After numerous complaints were sent to Davis, who had little understanding of events in a region almost 900 miles from Richmond, Holmes was relieved as head of the Trans-Mississippi Department in March 1863.

=== District of Arkansas ===
After Holmes was relieved as head of the Trans-Mississippi Department, General Edmund Kirby Smith appointed him head of the District of Arkansas and in June, ordered Holmes to make a desperation attack to take some pressure off the beleaguered Vicksburg garrison. On July 4, the day Vicksburg fell to U.S. General Ulysses Grant's army, Holmes attacked the U.S. garrison at Helena, Arkansas with 8,000 men.

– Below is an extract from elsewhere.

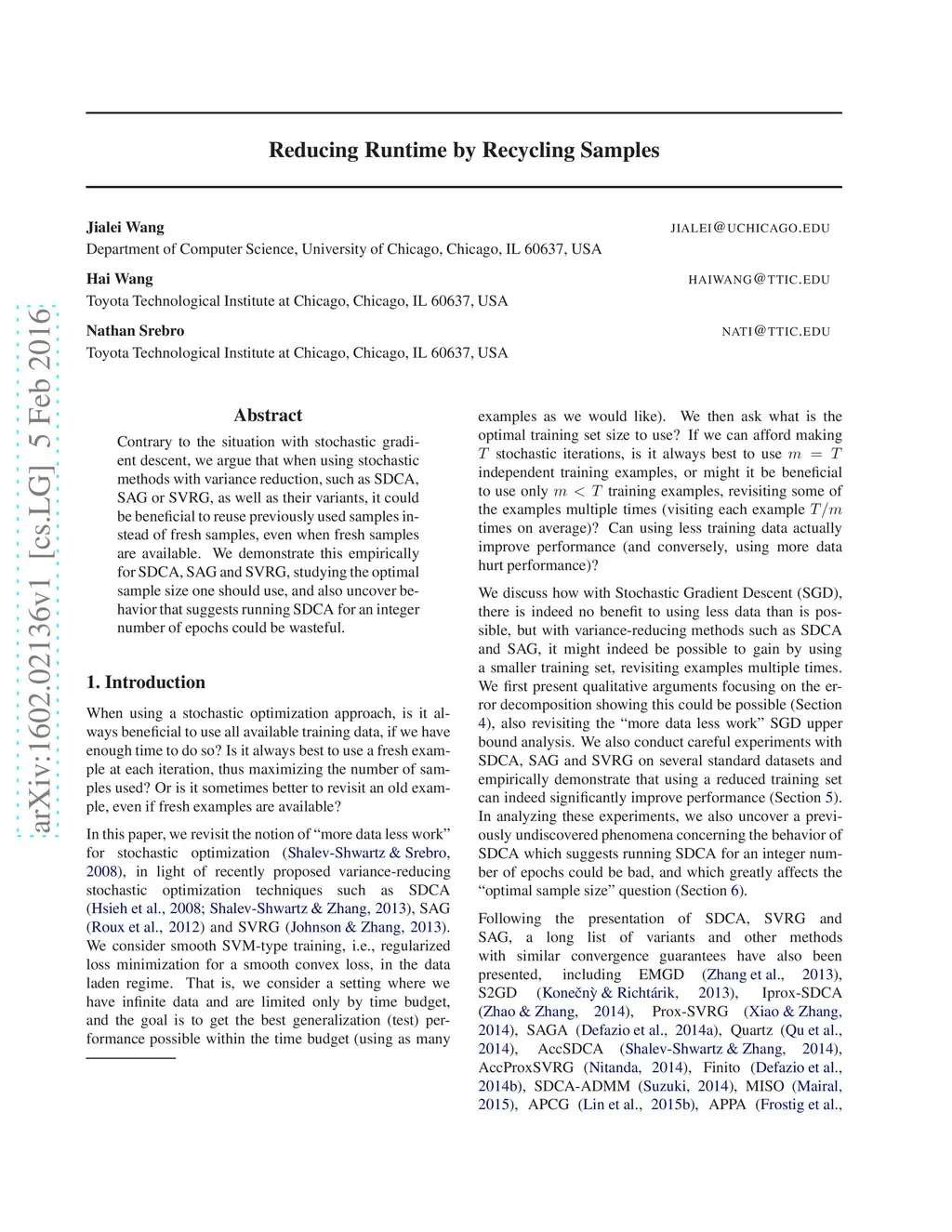 Contrary to the situation with stochastic gradient descent, we argue that when using stochastic methods with variance reduction, such as SDCA, SAG or SVRG, as well as their variants, it could be beneficial to reuse previously used samples instead of fresh samples, even when fresh samples are available. We demonstrate this empirically for SDCA, SAG and SVRG, studying the optimal sample size one should use, and also uncover be-havior that suggests running SDCA for an integer number of epochs could be wasteful.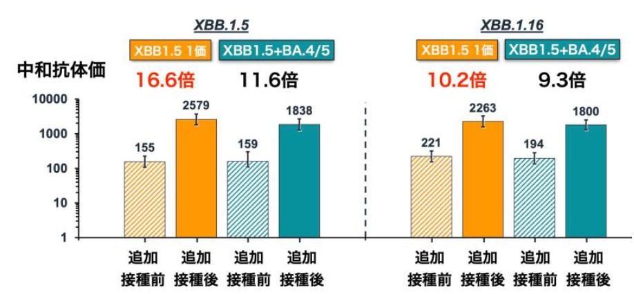 これは、現在広がっているXBB系統の変異株に対しては、2価ワクチン(XBB.1.5+BA.4/5)よりもXBB.1.5対応の1価ワクチンの方が、より多くの中和抗体を産生することが示されたためです。

He planned a coordinated attack in conjunction with Sterling Price, John S. Marmaduke, James Fleming Fagan, and Governor of Arkansas Harris Flanagin. Despite miscommunication, the Confederate army had some initial success, but after hours of fighting, a general retreat was called. The Confederates pulled back to Little Rock, Arkansas. On July 23, Holmes became ill and temporarily relinquished command in Arkansas to Sterling Price. Price evacuated Little Rock on September 10, and two weeks later Holmes resumed command. In a letter sent to Jefferson Davis on January 29, 1864, Kirby Smith reported that Holmes's age was catching up to him and that he was deficient in energy and suffering memory problems; thus, he needed to be replaced by a younger man. The soldiers he commanded in Arkansas had already taken to sarcastically calling him "Granny". Upon learning of this, an insulted Holmes resigned from his post on February 28.

=== Later service and life ===
In April 1864, Holmes commanded the Reserve Forces of North Carolina. Holmes saw little action after being appointed to this new position. He held this position until the end of the war. Holmes, along with General Joseph E. Johnston, surrendered to William Tecumseh Sherman on April 26, 1865. He returned to North Carolina, where he spent the rest of his life as a farmer. Holmes died on June 21, 1880, in Fayetteville, North Carolina, and is buried there in MacPherson Presbyterian Church Cemetery.